“Greece bets again on lignite” is the headline in response to a report from Athens featured in Tageszeitung (TAZ) newspaper, which claims that “the conservative Greek government is reacting to high gas and oil prices with a return to lignite, from which it wanted to be rid of quickly. ” Citing a recent study by the Energy Regulatory Authority (RAE) in Athens, the newspaper points out that “Greeks are particularly concerned about the explosion of prices, mainly for gas and oil, in international markets. Because Greece is obliged to import these goods. As for solar and wind energy, they have not expanded as much as they should and moreover, even in Greece, they do not have sufficient efficiency. That is why the Greek authorities are betting again on the exploitation of lignite. It is a fossil fuel that can be considered dirty in terms of its impact on the environment, but it is also very cheap with short-term criteria. In addition, Greece has an abundance of deposits. By 2018, the country held the twelfth position in lignite production worldwide, mining 36.1 million tons per year.
In this way, the TAZ correspondent estimates, “the Mitsotakis government violates its declared intention to promote the energy shift in Greece in record time. “Economy prevails, environment follows” is the slogan that suddenly prevails in Athens. After a particularly severe blow to the Greek economy in the first year of the pandemic, in 2020, Mitsotakis and his associates want to prevent the possible risk of slowing down or even undermining economic growth, which is now recovering.”
Disagreements over energy policy in the EU
Süddeutsche Zeitung focuses on the meeting of EU energy ministers on Tuesday and notes that Member States do not agree with the proposal for “coordinated actions” aimed at reducing high energy prices. Among other things, we read: “Shortly before the meeting of the Energy Ministers, the German Government and eight other countries – Austria, the Netherlands, Luxembourg, Ireland, Finland, Denmark, Estonia and Lithuania – published a two-page text which says prices are not due to energy market planning, nor to EU climate policy. The best response would be to provide targeted assistance, for a limited period of time, by national governments to particularly vulnerable consumers or businesses. In the medium term, further expansion of renewable energy sources would help reduce dependence on gas imports.”
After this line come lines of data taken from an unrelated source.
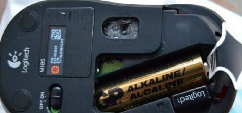 1、首先将买来的无线鼠标电池后盖打开,会看到无线接收器和电池以及绝缘条。注意:把电池绝缘条撕下,这样就能接通鼠标电源,让鼠标开始工作了。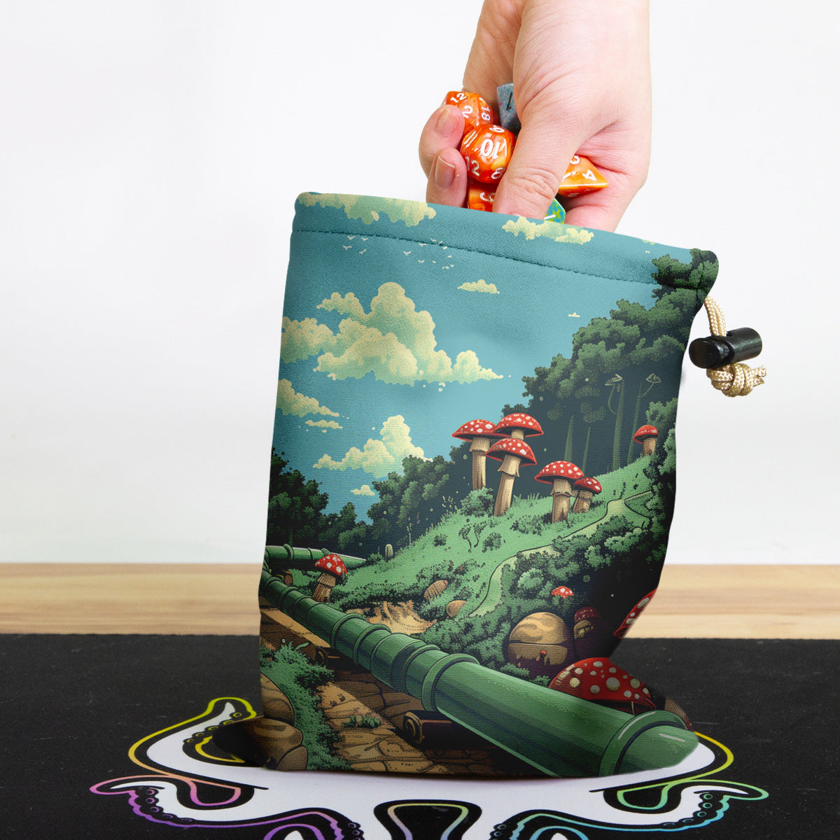 CVLPRITAlways gaming on the go? Carry everything you need and more using our specially crafted dice bag. But this bag is designed to hold more than just dice. We make it so you can carry other essential accessories and gear with your dice, including deck boxes, life counters, extra sleeves, and pens. Quality is just as important as quantity, which is why our dice bags are crafted using premium material as well. Featuring a soft inner lining and microfiber on the inside and vibrant pre-designed artwork on the outside, our dice bag has an amazing look and feel to it!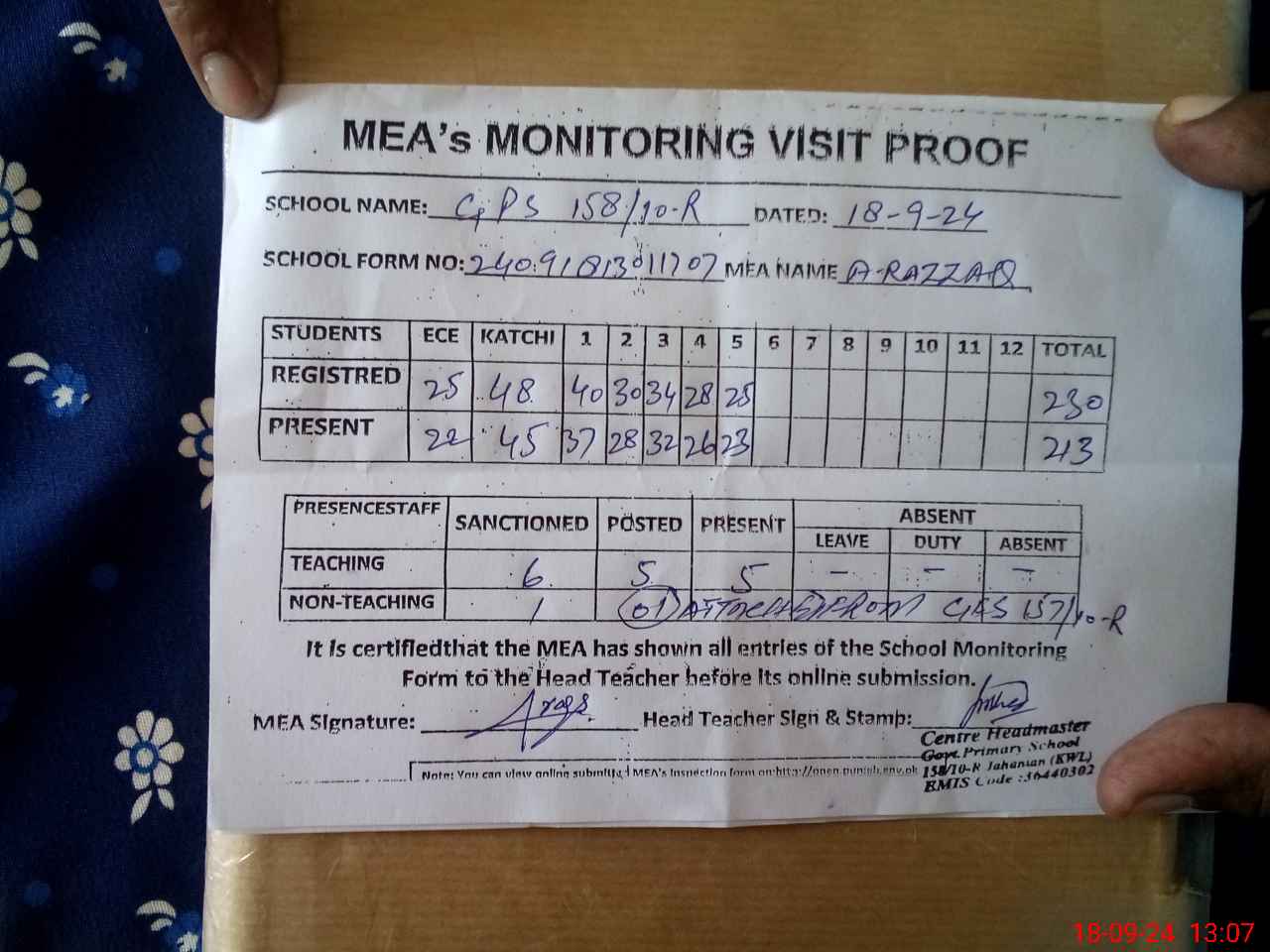 | Attendance Register | Head Teacher | MEA with School | Visit Proof |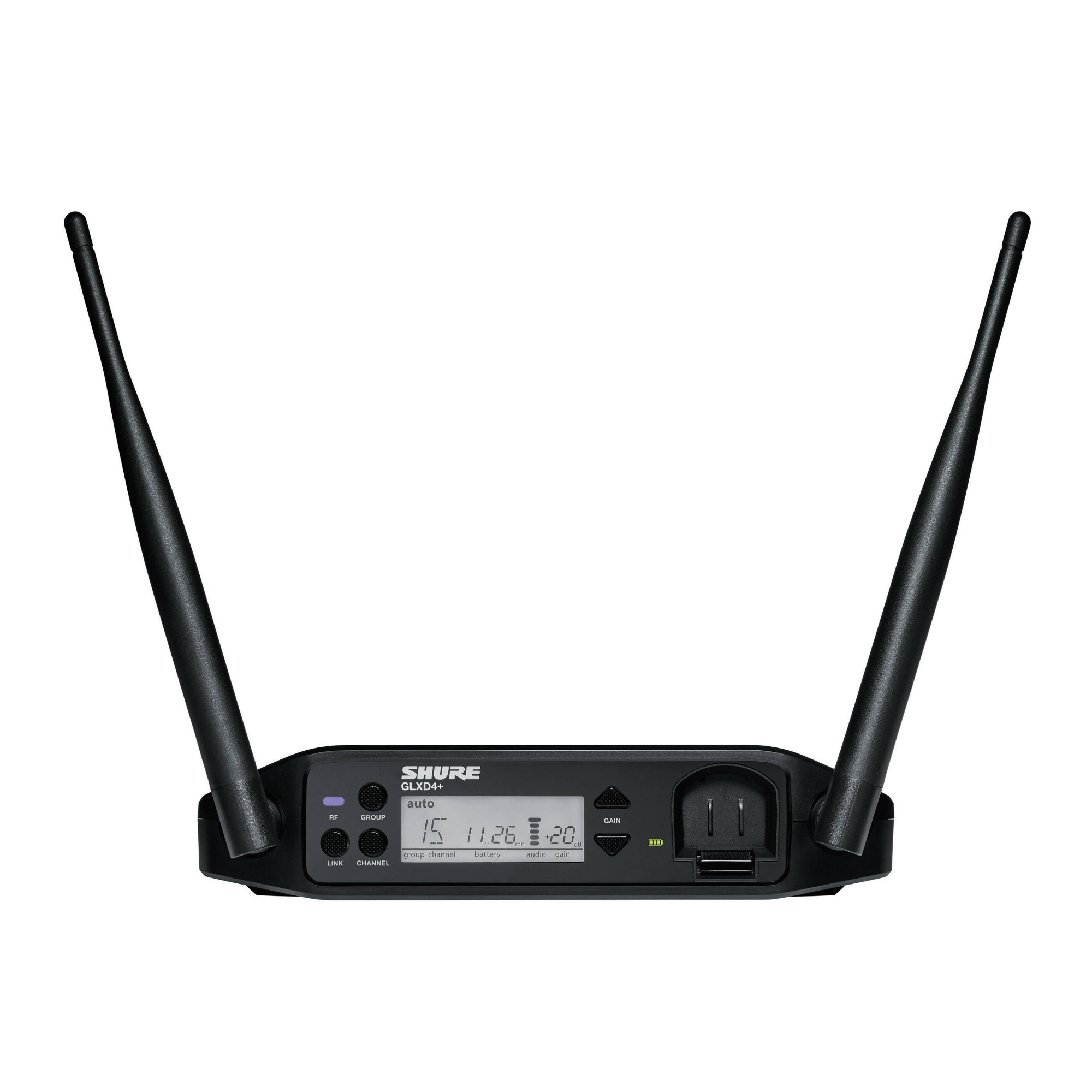 Featuring the industry standard BETA 58A vocal microphone, the new Shure GLXD24+/B58 Dual Band Vocal System delivers superior, transparent digital audio. The perfect combination of automatic frequency management with new Dual Band Technology provides reliable and consistent performance, while Shure proprietary Lithium-Ion rechargeable batteries provide up to 12 hours of use. This system works on a Z3 frequency band.

However, the Munich newspaper notes that another group of countries is proposing changes: “Spain, France, Greece, the Czech Republic and Romania are requesting, in their own text of a common position, and joint gas orders. They claim that at the moment the price of electricity is de facto following the high price of natural gas and demand that these two prices be disconnected. However, the European Commission follows the arguments of the countries that agree with Germany and consider that the rules have proved to be correct “.
“Cracks” in the Stability Pact
At the same time, the “big picture” in the economy seems to be changing. Many eurozone member states are proposing changes to the rules of the Stability Pact because they simply cannot abide by them. Reservations from the German press, for example from the Frankfurter Allgemeine Zeitung (FAZ): “The Commission did not manage to announce the start of the debate on a debt review must take this reform. They propose raising the Maastricht Treaty debt limit from 60 to 100% of GDP. (…) They justify it with the regulatory power of reality, as the average public debt in the euro area is 100%, while in the early 1990s it was only 60%. “This ‘adjustment to reality’ is not a sufficient justification.”
The Handelsblatt economic review notes: “The financial crisis, the ensuing euro crisis and the coronavirus pandemic in 2020 have pushed the debt to ever higher levels. Today the public debt in Europe reaches 100%, on average. In Greece it has risen to more than 200%, in Italy to 156%, in Spain to 118%. As the ‘guardian of the Treaties’, the Commission devised increasing tricks to certify compliance with the Maastricht criteria. Establish exceptions or set medium-term stabilization objectives. “But the main problem remains: for many countries the 60% threshold is simply impossible.”